17 décembre 2007 (Nouvelle Solidarité) - Michel Rocard, est devenue la première figure politique d’envergure à exiger, dans les pages d’un hebdomadaire national important, le Nouvel Observateur (13 au 19 déc.), une action par rapport au krach bancaire qui se déroule depuis l’été dernier et qu’il compare au krach de 1929.
La cause principale de cette crise, indique Rocard, se trouve dans la financiarisation du capitalisme de ces dernières années, qui a créé une situation où les profits financiers se sont envolés alors que la masse des salaires des plus pauvres et des classes moyennes s’est retrouvée considérablement réduite.
Pour illustrer les problèmes actuels du capitalisme dénoncés sans ménagement par des économistes tels que Patrick Artus dans son ouvrage Les incendiaires, Michel Rocard évoque le problème de la dette américaine. « Lors de la crise de 1929, l’endettement américain - environ 130 % du produit national - était déjà ‘au cœur du système’. Aujourd’hui il atteint plus de 230 %. Pour éviter la faillite, le système financier américain doit emprunter 2 milliards de dollars par jour ! »
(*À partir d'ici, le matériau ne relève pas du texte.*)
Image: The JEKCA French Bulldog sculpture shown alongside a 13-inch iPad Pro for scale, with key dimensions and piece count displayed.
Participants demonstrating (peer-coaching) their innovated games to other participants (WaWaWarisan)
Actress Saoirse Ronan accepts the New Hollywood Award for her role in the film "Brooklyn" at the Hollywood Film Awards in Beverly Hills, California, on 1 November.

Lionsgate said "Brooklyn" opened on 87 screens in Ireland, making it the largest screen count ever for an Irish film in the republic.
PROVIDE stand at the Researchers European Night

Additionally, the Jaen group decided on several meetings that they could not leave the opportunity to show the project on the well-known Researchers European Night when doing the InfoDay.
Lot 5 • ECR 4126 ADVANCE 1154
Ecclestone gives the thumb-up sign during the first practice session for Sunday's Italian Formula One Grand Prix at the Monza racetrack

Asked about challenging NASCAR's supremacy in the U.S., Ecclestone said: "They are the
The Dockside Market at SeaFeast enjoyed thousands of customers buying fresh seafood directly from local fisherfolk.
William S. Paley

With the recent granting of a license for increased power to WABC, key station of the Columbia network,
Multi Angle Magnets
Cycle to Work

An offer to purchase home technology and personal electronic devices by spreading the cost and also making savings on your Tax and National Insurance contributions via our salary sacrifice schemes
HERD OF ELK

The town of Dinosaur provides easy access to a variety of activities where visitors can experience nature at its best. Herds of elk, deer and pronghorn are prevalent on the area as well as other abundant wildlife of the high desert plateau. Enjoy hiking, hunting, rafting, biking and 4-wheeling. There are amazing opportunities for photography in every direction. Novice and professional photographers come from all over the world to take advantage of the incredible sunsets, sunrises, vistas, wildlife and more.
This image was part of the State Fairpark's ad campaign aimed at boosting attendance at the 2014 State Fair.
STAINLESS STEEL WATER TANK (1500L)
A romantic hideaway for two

Rocard rappelle cependant qu’entre « 1945 et 1980, le monde n’a connu que des faillites nationales, pas des crises mondiales » en raison « des grands succès du capitalisme régulé ». Pendant trente ans, l’économie occidentale a progressé au rythme de 5 % l’an, sans jamais de crises financières et avec un chômage quasi nul (2 % de la population active, c’est à peu près le chômage frictionnel dû à la mobilité professionnelle). Les raisons de cette embellie ? Précisément les mauvais souvenirs de la grande crise de 1929, son cortège de malheurs avec la prolétarisation des classes moyennes et finalement la guerre. »
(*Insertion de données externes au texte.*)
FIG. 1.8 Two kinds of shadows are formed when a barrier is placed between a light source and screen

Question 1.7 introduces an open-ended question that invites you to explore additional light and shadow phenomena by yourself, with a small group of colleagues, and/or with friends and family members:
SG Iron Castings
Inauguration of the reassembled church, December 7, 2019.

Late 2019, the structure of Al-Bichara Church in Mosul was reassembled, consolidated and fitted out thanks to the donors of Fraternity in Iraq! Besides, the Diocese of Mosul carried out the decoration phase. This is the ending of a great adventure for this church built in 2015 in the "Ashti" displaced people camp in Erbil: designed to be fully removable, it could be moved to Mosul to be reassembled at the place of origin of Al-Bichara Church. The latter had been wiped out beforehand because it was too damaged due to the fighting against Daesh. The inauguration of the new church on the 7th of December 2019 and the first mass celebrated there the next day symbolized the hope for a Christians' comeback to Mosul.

Plusieurs mesures correctives ont permis d’éviter de nouvelles catastrophes à la 1929. Et, « avec le New Deal, les grands travaux de Roosevelt, cette politique de hauts salaires et de fidélisation des salariés qualifiés a permis à l’économie américaine de repartir très vite après la crise de 1929. La France a utilisé le Plan, ce forum entre syndicats, patrons et Etat, réunis pour préserver un haut niveau de demande (donc des salaires) afin de permettre des anticipations de consommation forte. »
Tout ceci est venu à son terme « à partir de 1980, lorsque la sphère financière a pris une importance colossale. » Rocard énumère toutes les crises financières qui se sont succédés depuis jusqu’à l’éclatement de la bulle Internet où les pertes étaient déjà comparables à celles du crash de 1929. Il dénonce la montée en puissance des « actionnaires » contre la mentalité plus Fordiste qui existait auparavant où un bon salaire permettait au salarié de consommer activant ainsi le cycle productif. Aujourd’hui, tout le monde parle d’abondantes liquidités qui pourraient nous sauver d’un krach. Mais celles-ci, dit Rocard, « ne s’orientent pas vers l’investissement long ; elles préfèrent les investissements financiers spéculatifs ». « Personne ne sait comment tout ça peut finir, et j’ai la conviction que cela va bientôt exploser ». C’est la raison pour laquelle Michel Rocard conclu en appelant « à défendre tout ce qui produit contre tout ce qui spécule. (Car), c’est ça, la nouvelle lutte des classes. »
S’il comprend bien un certain nombre de problèmes, ses solutions restent beaucoup trop limitées par rapport aux dangers que lui-même dénonce. Il appelle à une réforme du FMI par son ami Dominique Strauss Kahn, à une criminalisation du droit des affaires (délits d’initiés, abus de stock options, etc.), à la régulation des OPA hostiles, au développement de l’économie sociale.
Michel Rocard intervient utilement cependant dans le débat au sein du Parti socialiste, soulignant que « si en France, le PS était capable de comprendre ce qui se passe, de faire la liaison entre la situation nationale et l’internationale et pouvait expliquer les raisons de la montée du travail précaire chez nous, il donnerait enfin l’impression de répondre à la situation. » Plus, dit Rocard, « il y aura une prime au premier qui saura expliquer ».